Generally speaking, a literal type that only occurs in an expression (and not in a type) will automatically widen to its corresponding base primitive type (so 0
will become number
) when inferred in a place where the value could be reassigned (such as the element of a non-readonly
array or tuple). So for this:
const nums = ([] as { num?: 1 | 2 }[]).map(n => typeof n.num === "undefined" ? 0 : n.num)
// const nums: (0 | 1 | 2)[]
The type of nums
is an array of widening literal types, because the type 0
comes from the expression 0
and the type 1 | 2
comes from the expression n.num
, but nowhere in that map()
method call are such types explicitly written as types. And so 0 | 1 | 2
widens to number
when inferred in a place that can be reassigned, such as an array literal:
let tuple = [nums[0], nums[1]];
// let tuple: number[]
On the other hand, a literal type that occurs explicitly in a type (not just an expression*) will not automatically widen in a similar situation. So for this:
const nums: (0 | 1 | 2)[] = [];
// const nums: (0 | 1 | 2)[];
The type of nums
is an array of non-widening literal types, because the type 0 | 1 | 2
comes from the type annotation for nums
. And so 0 | 1 | 2
does not widen to number
when inferred in a place that can be reassigned, such as an array literal:
let tuple = [nums[0], nums[1]];
// let tuple: (0 | 1 | 2)[];
If you want a widening literal type to become non-widening, you can add an explicit type somewhere as a hint. Like explicitly typing one of the values in the expression:
const nums = ([] as { num?: 1 | 2 }[]).map(n => typeof n.num === "undefined" ? 0 as 0 : n.num)

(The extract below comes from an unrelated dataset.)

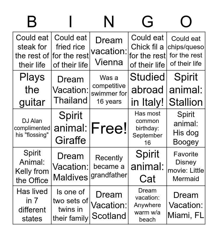 This bingo card has a free space and 24 words: Dream Vacation: Maldives, Is one of two sets of twins in their family, Was a competitive swimmer for 16 years, Has lived in 7 different states, Could eat chips/queso for the rest of their life, Could eat steak for the rest of their life, Plays the guitar, Could eat fried rice for the rest of their life, Has most common birthday: September 16, Recently became a grandfather, Studied abroad in Italy!, DJ Alan complimented his "flossing", Spirit animal: Cat, Favorite Disney movie: Little Mermaid, Dream Vacation: Thailand, Dream vacation: Anywhere warm w/a beach, Spirit animal: His dog Boogey, Dream vacation: Vienna, Spirit animal: Stallion, Spirit animal: Giraffe, Dream Vacation: Miami, FL, Spirit Animal: Kelly from the Office, Could eat Chick fil a for the rest of their life and Dream Vacation: Scotland.

// const nums: (0 | 1 | 2)[]
let tuple = [nums[0], nums[1]];
// let tuple: (0 | 1 | 2)[];
or explicitly specifying the type parameter for the call to map()
const nums = ([] as { num?: 1 | 2 }[]).map<0 | 1 | 2>(n => typeof n.num === "undefined" ? 0 : n.num)
// const nums: (0 | 1 | 2)[]
let tuple = [nums[0], nums[1]];
// let tuple: (0 | 1 | 2)[];
or any of the methods discussed in this comment inside microsoft/TypeScript#12267.